那兩個人連眼睛都沒有眨一下。他們只是點了點頭。
“預付一半。”
他們又點了點頭。
“另一半在你們到莫爾茲比港取貨之前由第三者儲存。”他對老主顧從來不提這樣的要求。但是由於某種原因,這兩個人使他心神不安。
“好吧。”律師說。
“另加百分之二十的意外事故費用,需提前支付。”
這是完全沒有必要的。但現在他試圖讓這兩個傢伙離開。但不奏效。
“好吧。”
“好,”達蒙說。“好了,如果你們想在簽字之前跟你們代表的公司談一談——”
“不用。我們現在已經準備好了。”
接著,其中一個人拿出一個信封,遞給達蒙:“告訴我,你是否滿意。”
這是一張二十五萬美元的支票。開自地震服務公司,可支付給加拿大海運。
達蒙點點頭,說“滿意”。他把支票和信封放在桌上潛艇模型的旁邊。
其中一個人說道,“你介不介意我做幾個記錄?”然後他拿起信封在上面胡亂地寫著。
他們走了之後,達蒙才意識到他們把支票給他之後就把信封拿走了。因此上面沒有留下指紋。
難道他真的患上偏執狂了嗎?
第二天早上,他這麼想。去加拿大豐業銀行存那張支票時,他順便拜訪了一下銀行經理約翰·金,要他查一查地震服務公司賬戶上是否有支票上寫的那麼多錢。
約翰·金說他立刻去查。
6 斯坦菲德利斯
8月23日,星期一
凌晨3時02分
天啊,太冷了。喬治·莫頓一邊這樣想著,一邊從“陸地巡洋艦”上下來。這位鉅富慈善家一邊跺著腳,一邊戴手套,想讓自己暖和一些。

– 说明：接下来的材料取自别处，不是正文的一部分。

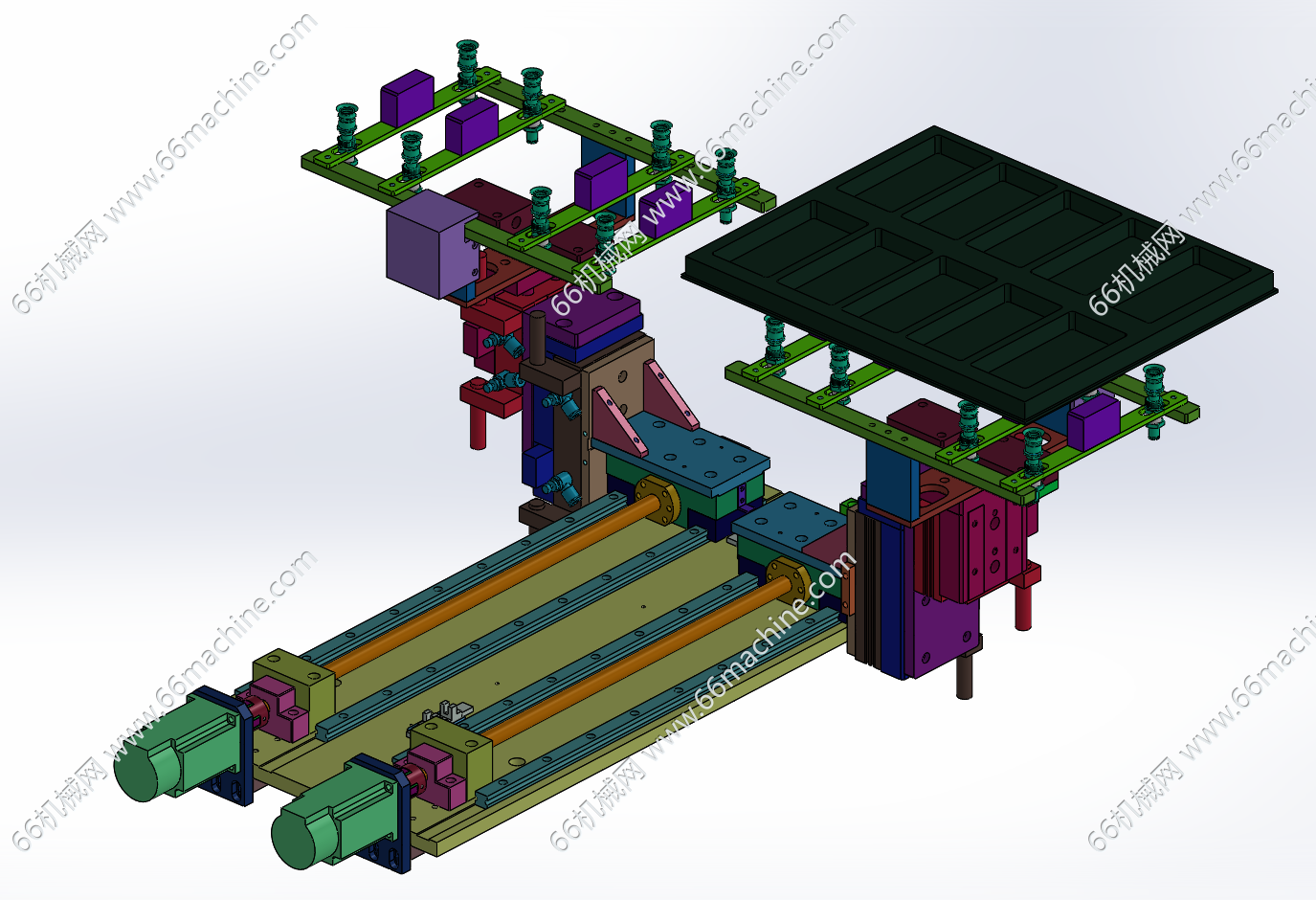 本模型为双工位载具吸取移送模组,采用伺服电机+丝杆+双导轨结构实现往复直线动作,若干个吸嘴进行负压吸取,广泛用于自动化设备中载具的移送,欢迎参考!

此時是凌晨三點鐘,天空中閃耀著紅光和落日的黃色條紋。寒風在冰島內陸崎嶇陰暗的平原上肆虐。單調的灰白色雲朵低懸於綿延數英里的火山岩上空。
冰島人喜歡這個地方。莫頓不明白為什麼。
不管怎麼說,他們抵達了目的地:正前方是堵巨大的、彎曲的、被汙物覆蓋的積雪和岩石壁,一直延伸到群山後面。這就是斯諾拉尤庫,巨大的瓦特納冰原的一岬,歐洲最大的冰帽。
開車的是一個研究生,他從車上下來,興奮地拍了拍手:“不錯,挺暖和的。你們真走運,這是一個令人愉快的八月之夜。”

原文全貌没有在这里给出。